Da Roma a Pompei
l’Italia dà scandalo

Quello che sta succedendo in questi giorni a partire da Roma per arrivare a Palermo è il fallimento dell’Italia che non c’è. Il Paese che c’è rispetta l’articolo 1 della Costituzione: l’Italia è una repubblica fondata sul lavoro, e si rimbocca le maniche. La differenza sta tutta qui.

Adesso sappiamo che un autista del tram Atac di Roma guida 700 ore all’anno: a Milano sono 1.200 e persino a Napoli sono di più, 850. Dicono che ciò che ha fatto ridere di più la Signora Merkel nella lunga gestione della crisi greca sia la categorica affermazione dell’ex primo ministro Antoni Samaras con la quale annunciava che sarebbe stato disponibile per gli altri colleghi di governo anche il fine settimana. Concepito come un segno di serietà sulla strada delle riforme è diventato il simbolo del ritardo cronico di una classe dirigente, dell’arretratezza di un Paese. A Roma il partito democratico nel pieno della crisi dei mezzi pubblici ha diffuso il seguente messaggio: «Atac, officine aperte anche il pomeriggio. Una proposta sostenuta dal Pd per migliorare il servizio di trasporti pubblico ai cittadini».

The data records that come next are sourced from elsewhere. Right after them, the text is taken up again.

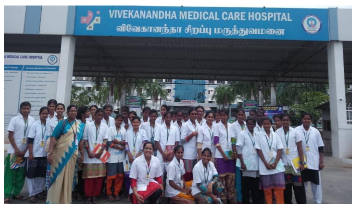
I & II B.Sc STUDENTS OF BIOCHEMISTRY @ VMCH ON 26.07.2019

I B.Sc& II Biochemistry Students (40 members) visited Vivekanandha Medical Care Hospital (VMCH), Tiruchengode on 26.07.2019 as a part of their Industrial visit.
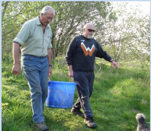
Fisheries team moving fish to Pool 4
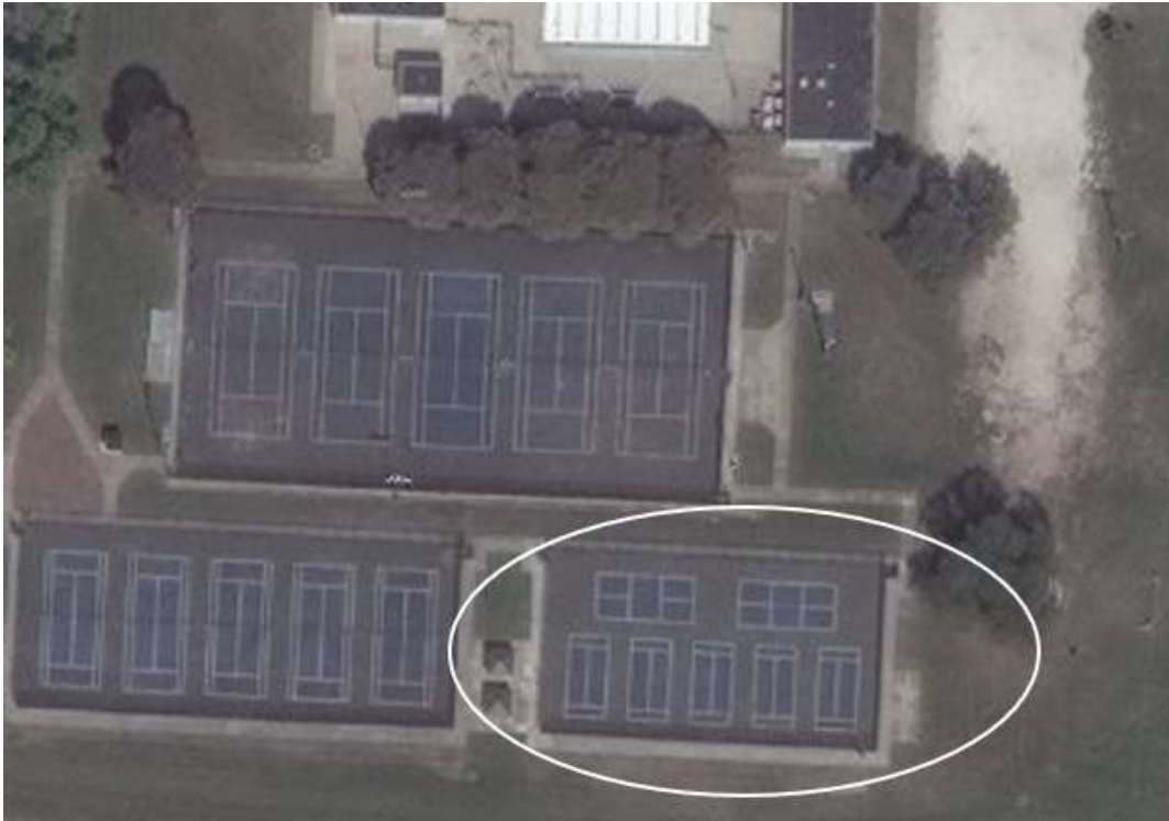
Location of futsal court at Birdland Sports Park.
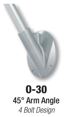
0-30 45° Arm Angle 4 Bolt Design
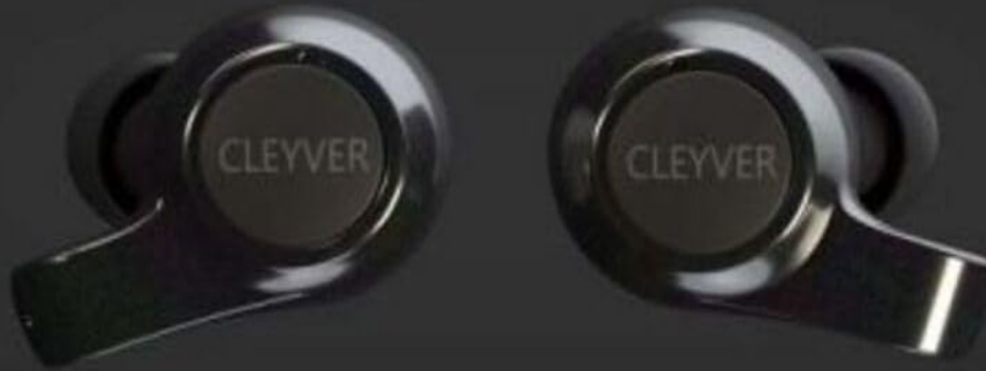
Image: The CLEYVER Earbuds Pro and their accompanying charging case.
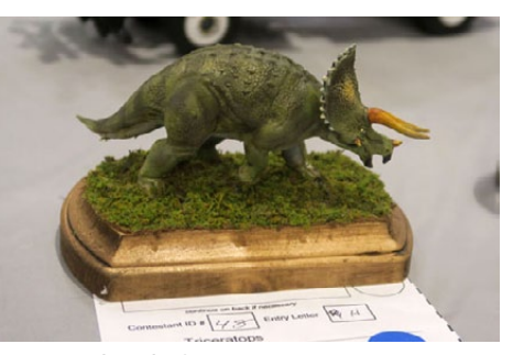
Al LaFleche's 1:48 Triceratops
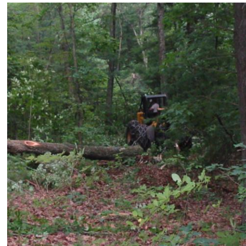
Log skidding, August 2004

Skid path. Modern foresters manage harvesting operations to minimize the disturbance of soils. When trees are cut and delimbed, they must be transported to the landing – a process called “skidding.” The paths that are used to skid logs to landings are particularly susceptible to wear and tear, so loggers must employ Best Management Practices to reduce soil erosion and protect water quality. These practices include, but are not
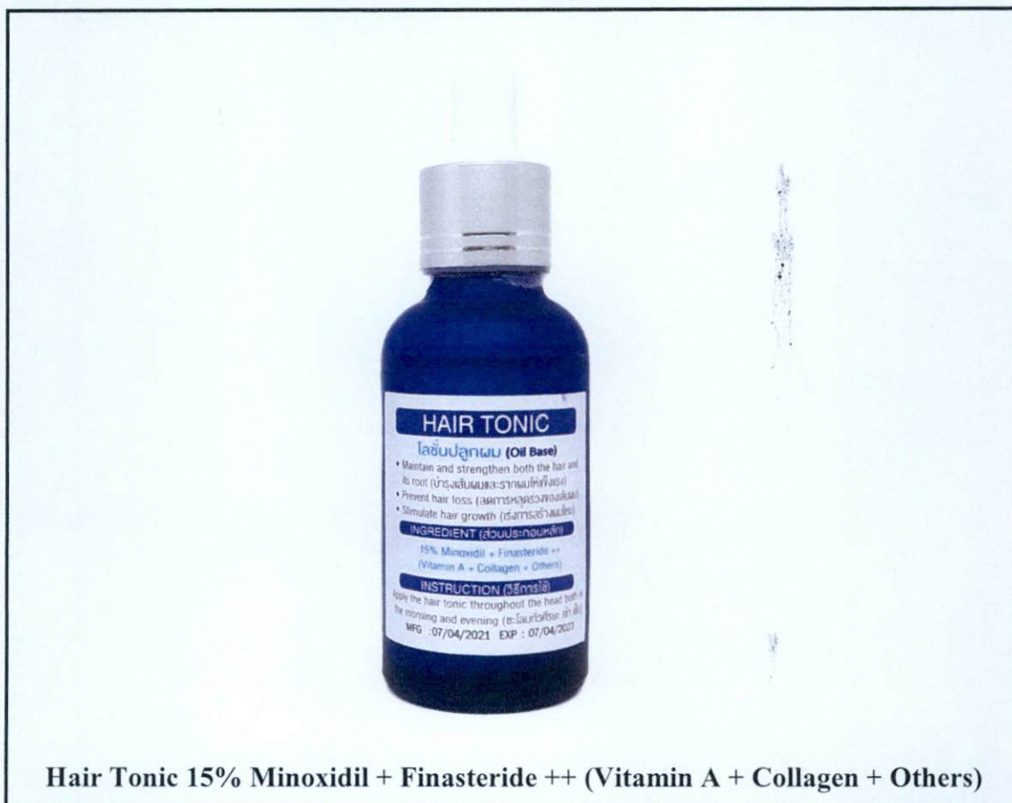
Figure 1. Unregistered drug

The Food and Drug Administration (FDA) advises the public against the purchase and use of the following unregistered drug products:
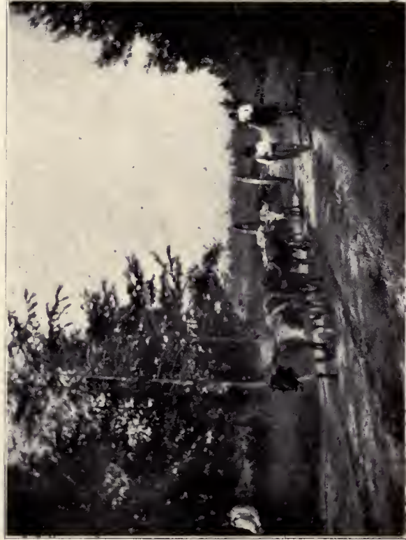
Familiar Scene in Early Pioneer Days
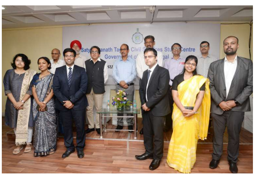
Six Successful Candidates at UPSC CSE 2021 along with the Dignitaries at the Felicitation Programme
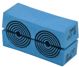
GM module with Multidiameter™
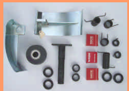
Some Components of Kit 1312-30935
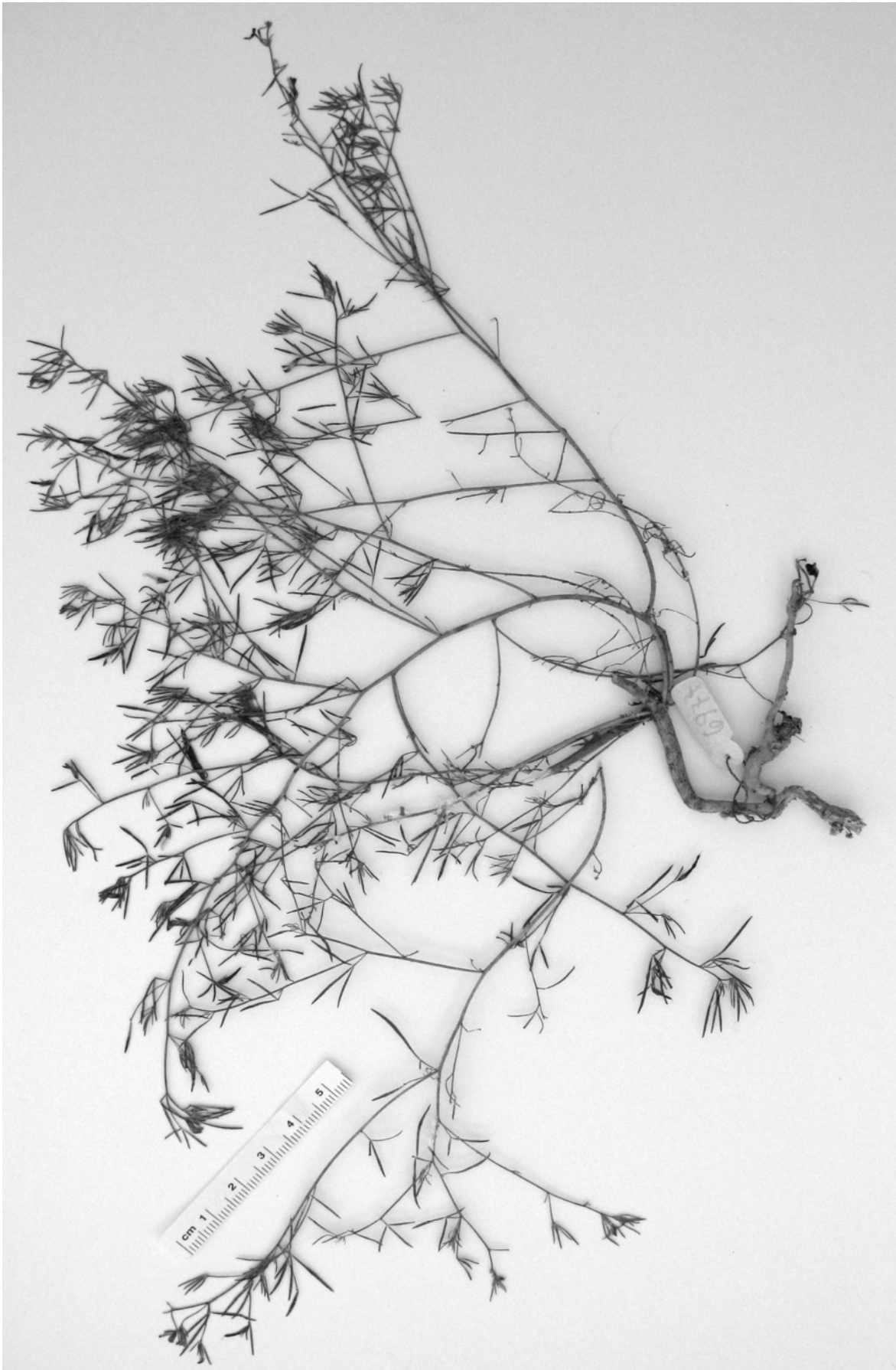
Fig. 1. Lotus alianus (from L.A. Grandvaux Barbosa 6977, LISC): Habit.
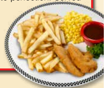
Senior Chicken Fingers Dinner

B.B.Q. RIBS 15.99 A quarter rack of B.B.Q. pork ribs slow cooked to perfection. Served with fries
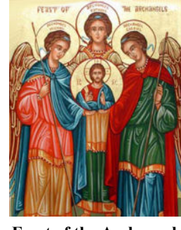
Feast of the Archangels Sept. 29
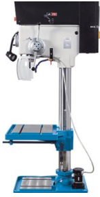
Wide throat and large work table
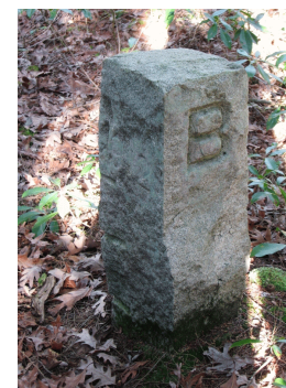
0908 B/Milfd, W of inner corner, 1912 B
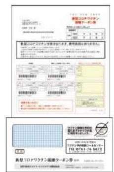
Sample vaccination coupon & envelope

Reception + Checking of Pre-Vaccination Health Screening Form by medical staff
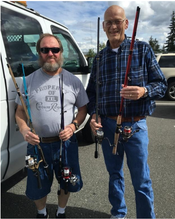
Net set-up crew
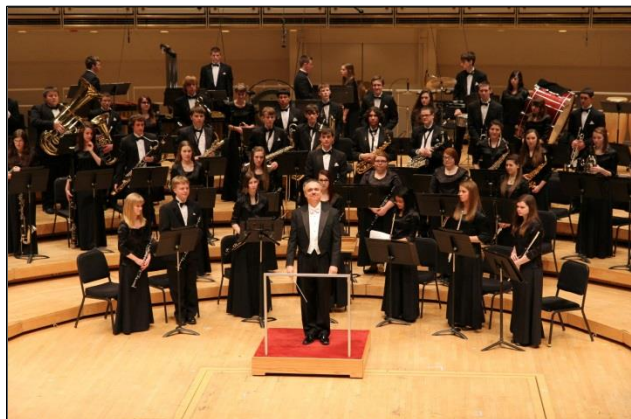
The Symphonic Band performed in March 2013 in Orchestra Hall in Chicago.
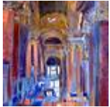
Inside the Royal Exchange £750
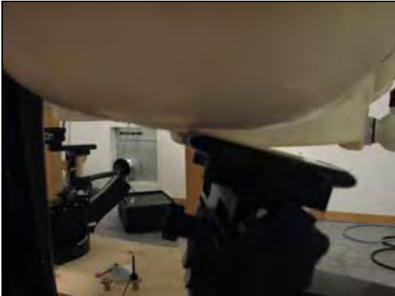
DUT position towards the head: Tilt (touch +15 deg.) position
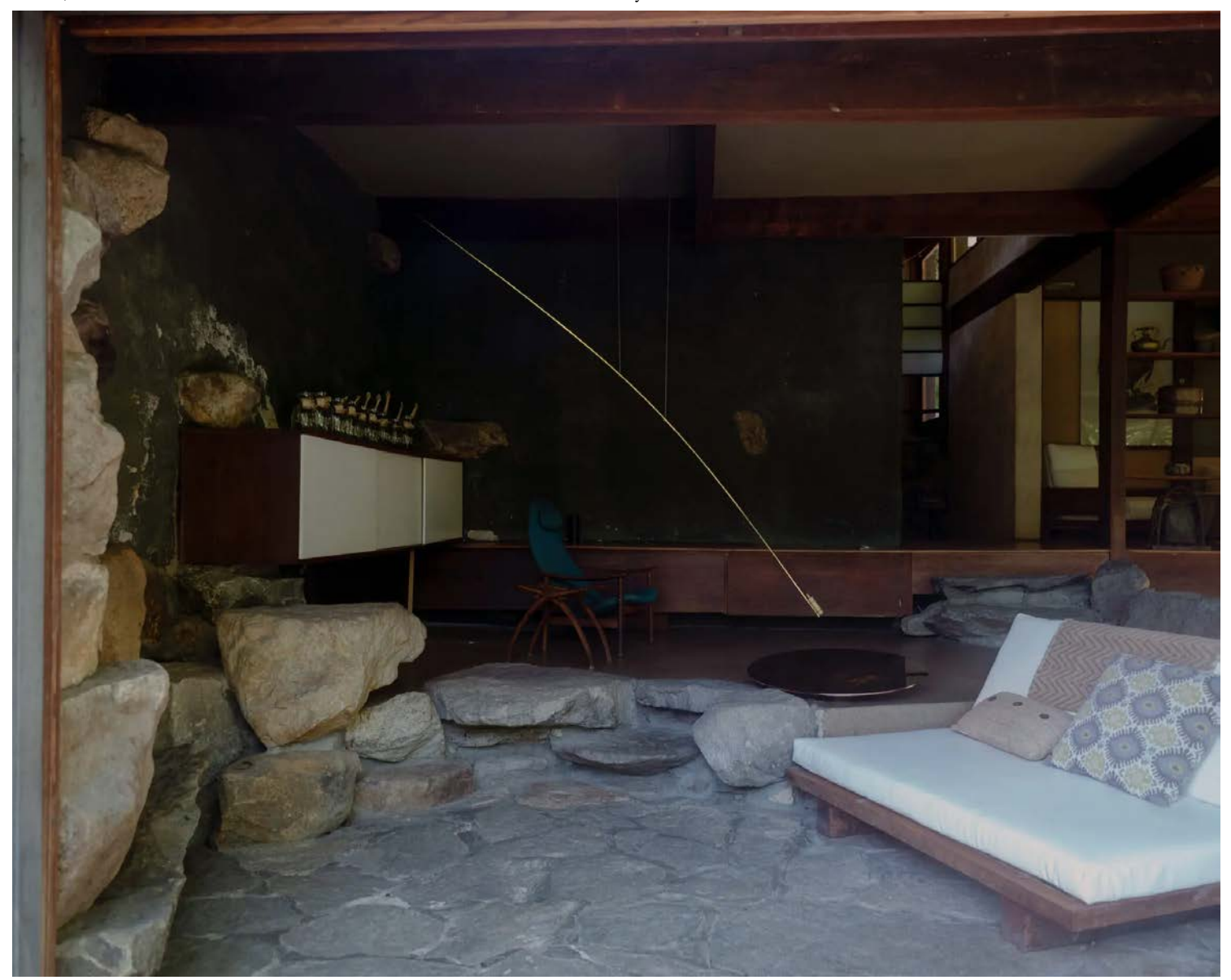
Bone Jug Series (left) and Reflector Floor Lamp (right) by the Milanese design firm Formafantasma in the Russel Wright House at Manitoga. The designers placed their organic product designs within the organic midcentury structure.

Morale in una città in cui, come denuncia un servizio di Gian Antonio Stella e Sergio Rizzo sul Corriere, gli autobus letteralmente inservibili sono 600 su 2.300 e il 45% circa dei mezzi che giornalmente vanno in panne durante la corsa viene trasportato in officina, ecco in una situazione del genere al pomeriggio i meccanici non lavorano. Un’altra perla di cui sempre il partito democratico rivendica il merito è il fatto che ora con questa amministrazione comunale i rifiuti si raccolgono anche alla domenica. Perché a Roma i cassonetti rispettavano il riposo settimanale e non venivano svuotati.

Ebbene a fronte di uno sfascio del genere il personale Atac ha ritenuto di organizzare uno sciopero bianco, cioè di sabotare il servizio pubblico per il quale lavora e senza il quale sarebbe a spasso in un Paese segnato dalla disoccupazione intorno al 13%.

Ha fatto storia negli anni ’80 la decisione del presidente americano Ronald Reagan di licenziare in blocco tutti gli assistenti di volo. Con la loro prolungata astensione dal lavoro avevano osato mettere a rischio la sicurezza del Paese e il diritto costituzionale dei cittadini di potersi muovere liberamente, senza ricatti. Quanti esodati cinquantenni, espulsi dalla fabbrica e senza reddito non farebbero la firma per avere il posto di lavoro che gli autisti e conduttori dei bus e dei metrò hanno così vilmente offeso. Se vogliamo chiamare i fatti con il loro nome questo è sabotaggio. E che dire di Pompei dove all’improvviso gli addetti si riuniscono in assemblea in piena mattinata quando una fila di turisti sotto il sole aspetta di entrare. È chiaro il ricatto, più i visitatori stanno male, più l’amministrazione viene chiamata a miti consigli.

Ora è evidente che chi si comporta così non sa cosa voglia dire trovare un posto di lavoro. Molte di queste occupazioni sono il frutto del clientelismo politico, dove non conta la capacità professionale ma il rispetto per il padrino alla cui raccomandazione si deve l’impiego pubblico retribuito con i soldi di chi lavora e paga le tasse. L’Atac di Roma ha 12 mila addetti, Alitalia ne ha di meno. La Regione Sicilia ha 23 mila dipendenti regionali, otto volte in più rispetto alla media di tutte le altre regioni. Però in compenso non c’è una rete idrica adeguata. Bisogna prendere atto che in una parte d’Italia avere una vita moderna è diventato impossibile.